--- Collected material Enclosed Below ---

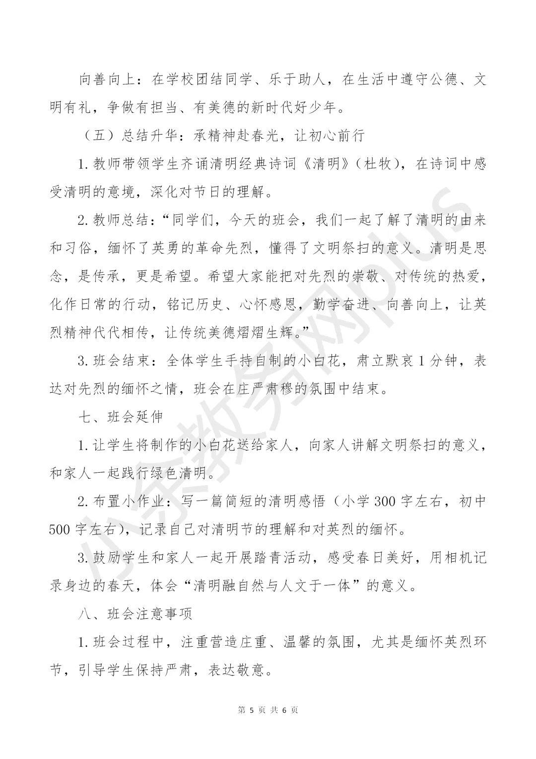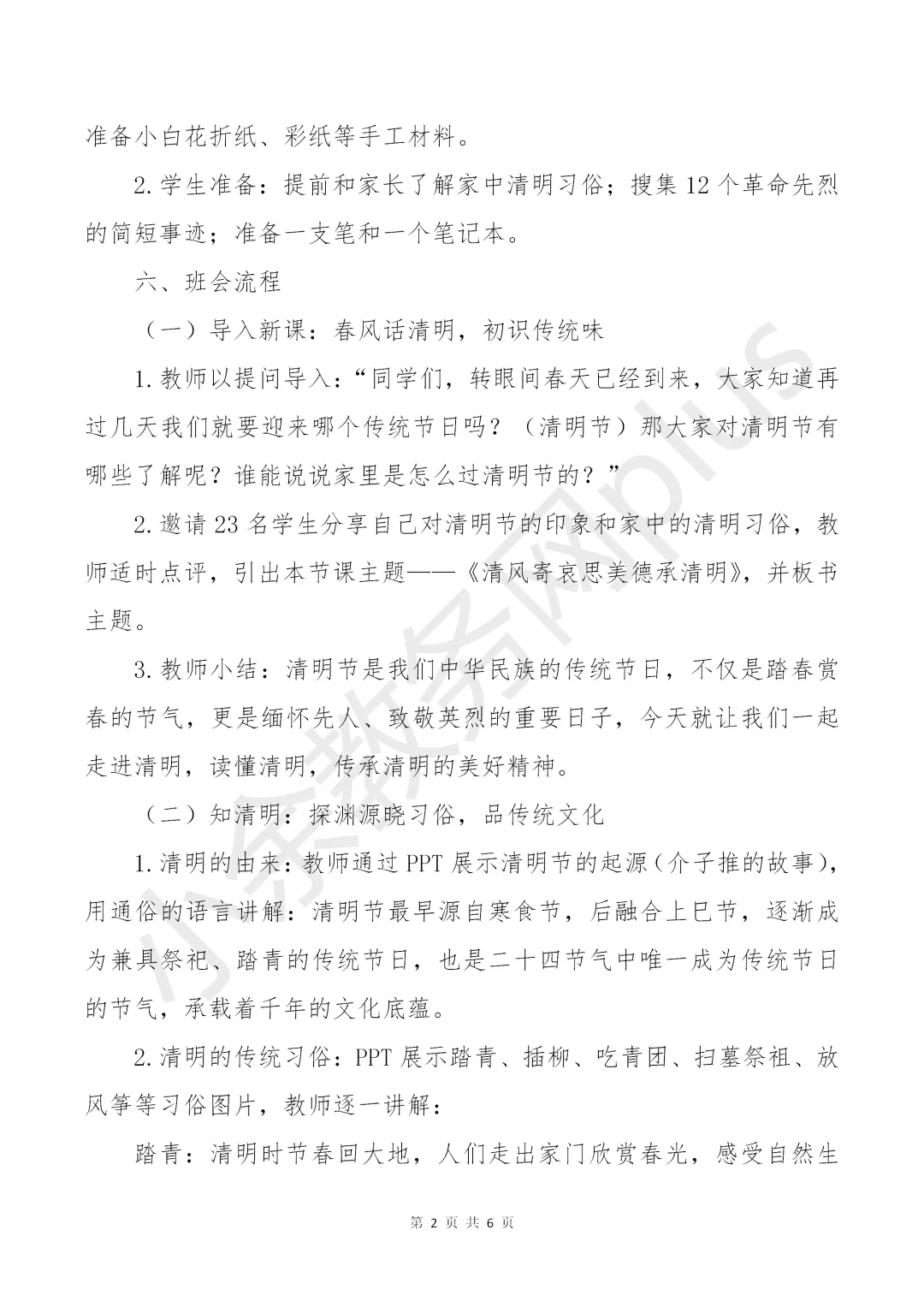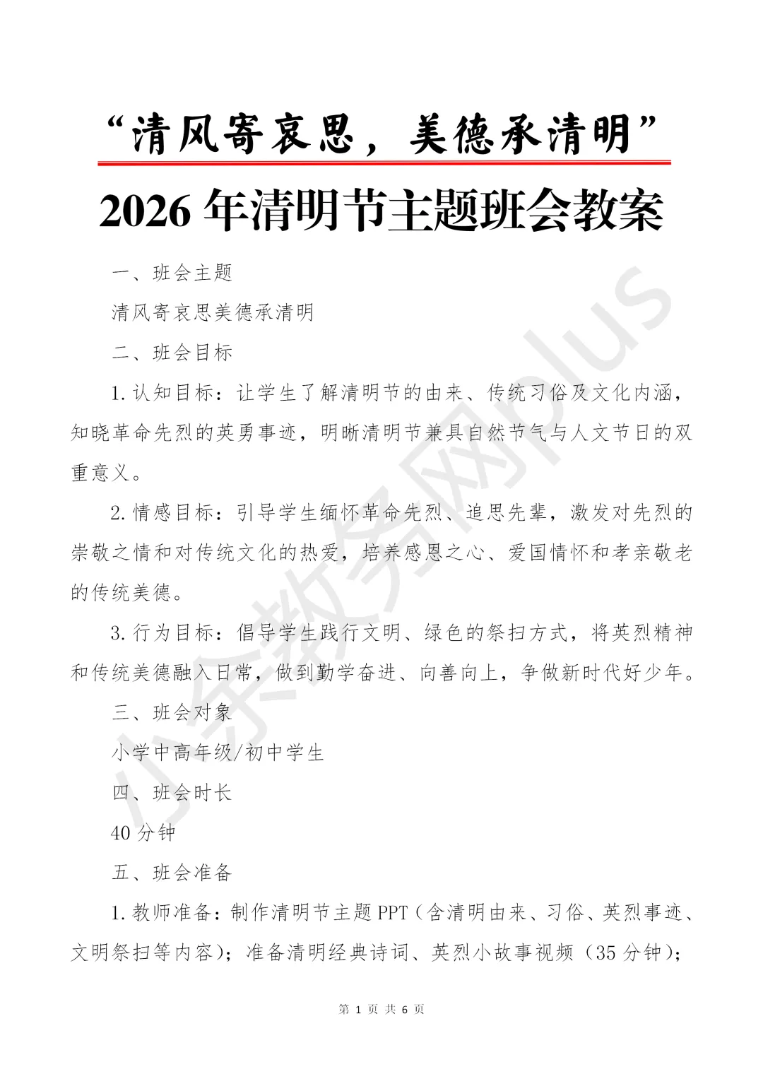2026 年清明节主题班会教案《清风寄哀思,美德承清明》。
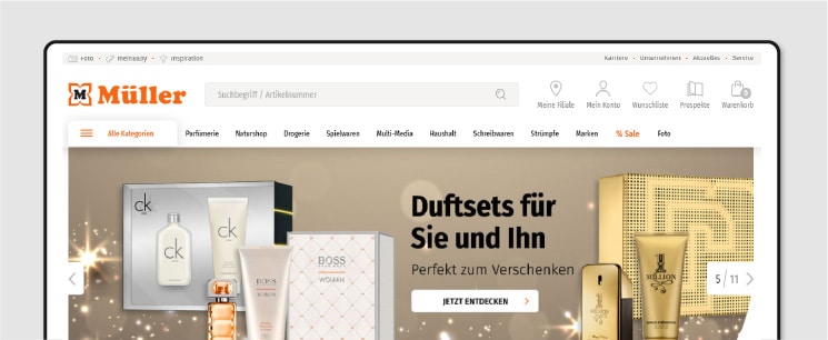 Bekannte Marken-Parfüms, Videospiele und Filme, Biokosmetik, eine große Spielwarenabteilung und natürlich jede Menge Drogerie-Artikel finden Sie bei Müller.
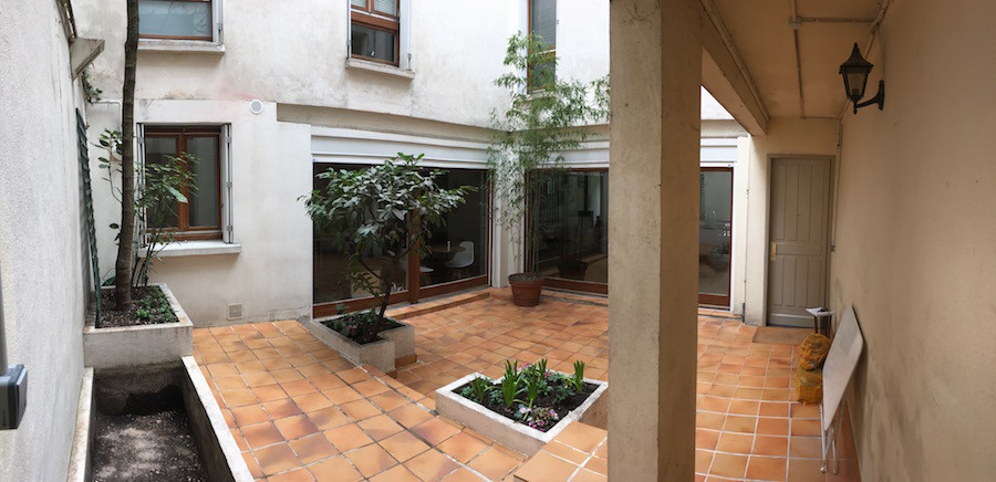 Cette photo est prise depuis l’entrée donnant dans la rue. On circulait tout droit sous la coursive afin de rejoindre la porte d’entrée de l’appartement. La baie vitrée de gauche est celle de la cuisine et celle du fond donne dans le salon des propriétaires.
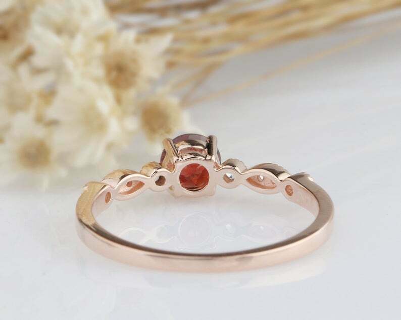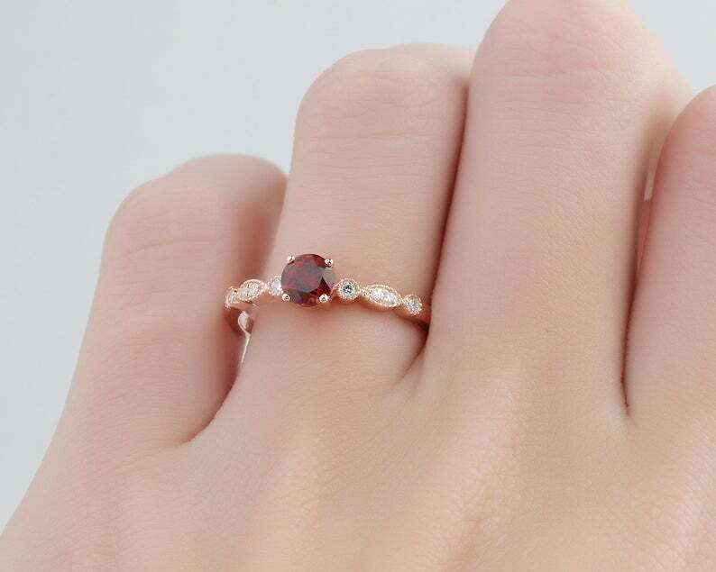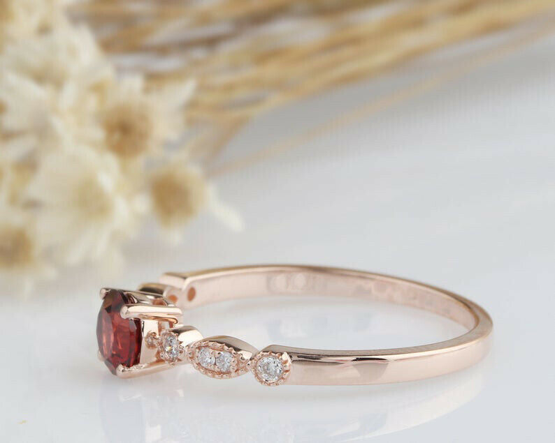 1ct Round Cut Red Garnet Engagement Ring Solitaire with Accent 14k Rose Gold Over

--- End of Enclosed Collected material ---

# [What you are asked to do]
Pictures aside, reproduce all of the material above without alteration.

# [Answer section]
2026 年清明节主题班会教案《清风寄哀思,美德承清明》。
 Bekannte Marken-Parfüms, Videospiele und Filme, Biokosmetik, eine große Spielwarenabteilung und natürlich jede Menge Drogerie-Artikel finden Sie bei Müller.
 Cette photo est prise depuis l’entrée donnant dans la rue. On circulait tout droit sous la coursive afin de rejoindre la porte d’entrée de l’appartement. La baie vitrée de gauche est celle de la cuisine et celle du fond donne dans le salon des propriétaires.
 1ct Round Cut Red Garnet Engagement Ring Solitaire with Accent 14k Rose Gold Over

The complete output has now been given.